Let's analyze the computational performance of our JAX implementation.


In [None]:
# Performance benchmarking
print("Performance Benchmarking:")
print("=" * 30)

# Environment step performance
test_env = BinPackingEnv()
test_state = test_env.reset(random.PRNGKey(0))
test_action = BinPackingAction(bin_idx=0)

# Warmup
for _ in range(10):
    test_env.step(test_state, test_action, random.PRNGKey(0))

# Benchmark environment steps
num_steps = 1000
start_time = time.time()
for i in range(num_steps):
    test_env.step(test_state, test_action, random.PRNGKey(i))
env_time = time.time() - start_time

print(f"Environment steps: {num_steps / env_time:.0f} steps/sec")

# Benchmark network forward pass
network = create_network("simple", hidden_dim=64, max_bins=10)
params = network.init(random.PRNGKey(0), test_state, training=False)

# Warmup
for _ in range(10):
    network.apply(params, test_state, training=False)

# Benchmark network
start_time = time.time()
for _ in range(num_steps):
    network.apply(params, test_state, training=False)
net_time = time.time() - start_time

print(f"Network forward pass: {num_steps / net_time:.0f} forward/sec")

# Benchmark vectorized operations
from binax.environment import make_vectorized_env

env_params = {
    "bin_capacity": 1.0,
    "max_bins": 10,
    "max_items": 20,
    "item_size_range": (0.1, 0.5),
}

num_envs = 32
reset_fn, step_fn, _ = make_vectorized_env(env_params, num_envs)

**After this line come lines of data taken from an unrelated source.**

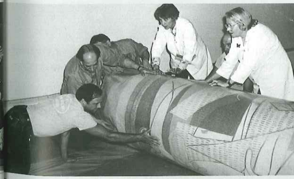
Przygotowanie „Guerniki” do transportu z Nowego Jorku do Madrytu było bardzo pracochłonne i wymagało dużej ostrożności.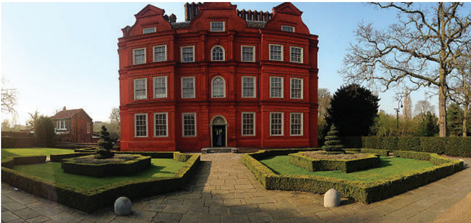
රූපය 2.2 එංගලන්තයේ කිව් මාලිගාව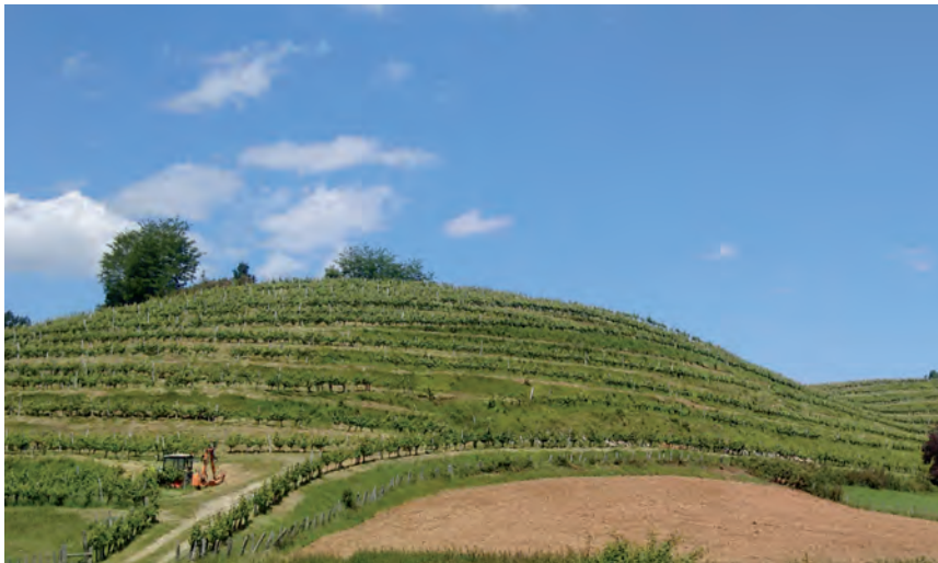
LURZAINDIA HA COMPRADO TERRENO RURAL EN DONIBANE LOHIZUNE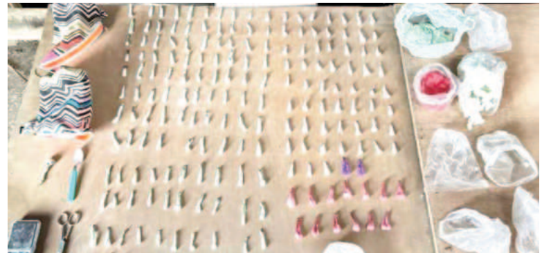
En los operativos se incautaron 185 gramos de clorhidrato de cocaína.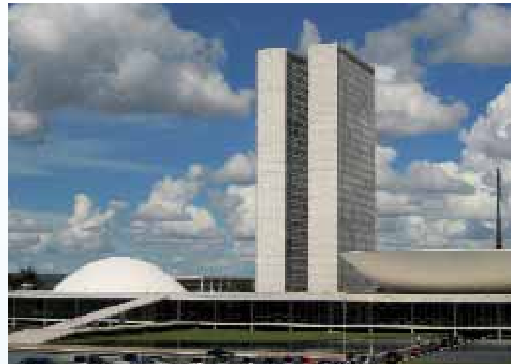
... und das Gebäude des Nationalkongresses

Aber wir hatten Feuer gefangen für diese Idee, und das ganze Land hat mit uns geträumt. Die neue Stadt sollte dem armen Landesinneren den Aufschwung bringen. Es sollte keine Slums geben, in den Wohnblocks sollte der Minister neben dem Chauffeur leben. Ich erinnere mich, wenn wir mit dem Auto diese endlosen Kilometer durch die Steppe fahren: Uns begegneten Lkw voller Bauarbeiter, die aus allen Teilen des Landes kamen! Sie wollten an Brasília mitarbeiten, sie dachten, dass sie dort Arbeit und ein glückliches Leben finden würden. Brasília erschien wie ein Versprechen, die Armut hinter sich zu lassen.

# Benchmark vectorized steps
vec_states = reset_fn(random.PRNGKey(0))
vec_actions = BinPackingAction(bin_idx=jnp.zeros(num_envs, dtype=jnp.int32))

# Warmup
for _ in range(10):
    step_fn(vec_states, vec_actions, random.PRNGKey(0))

num_vec_steps = 100
start_time = time.time()
for i in range(num_vec_steps):
    step_fn(vec_states, vec_actions, random.PRNGKey(i))
vec_time = time.time() - start_time

effective_steps = num_vec_steps * num_envs
print(f"Vectorized steps: {effective_steps / vec_time:.0f} steps/sec ({num_envs} envs)")

# Memory usage estimation
param_size = sum(x.size for x in jax.tree_leaves(params)) * 4  # 4 bytes per float32
state_size = sum(x.size for x in jax.tree_leaves(test_state)) * 4

print("\nMemory Usage:")
print(f"- Network parameters: {param_size / 1024:.1f} KB")
print(f"- Single state: {state_size} bytes")
print(f"- {num_envs} states: {state_size * num_envs / 1024:.1f} KB")

## 8. Conclusion

This demo showcased the key features of BinAX:

### Key Highlights:

1. **Environment**: Flexible bin packing environment with configurable parameters
2. **Networks**: Both attention-based and simple architectures
3. **Algorithm**: Complete PPO implementation with GAE
4. **Performance**: JAX-powered high-performance computing
5. **Evaluation**: Comprehensive metrics and comparisons

### Next Steps:

- Scale up training with more environments and longer training
- Experiment with different network architectures
- Test on more complex bin packing variants
- Compare with other RL algorithms
- Benchmark against more sophisticated heuristics

### Usage:

```python
# For full-scale training
config = TrainingConfig(
    total_timesteps=1_000_000,
    num_envs=64,
    network_type="attention",
    use_wandb=True
)

trainer = Trainer(config)
trainer.train()
```

BinAX provides a solid foundation for reinforcement learning research in combinatorial optimization!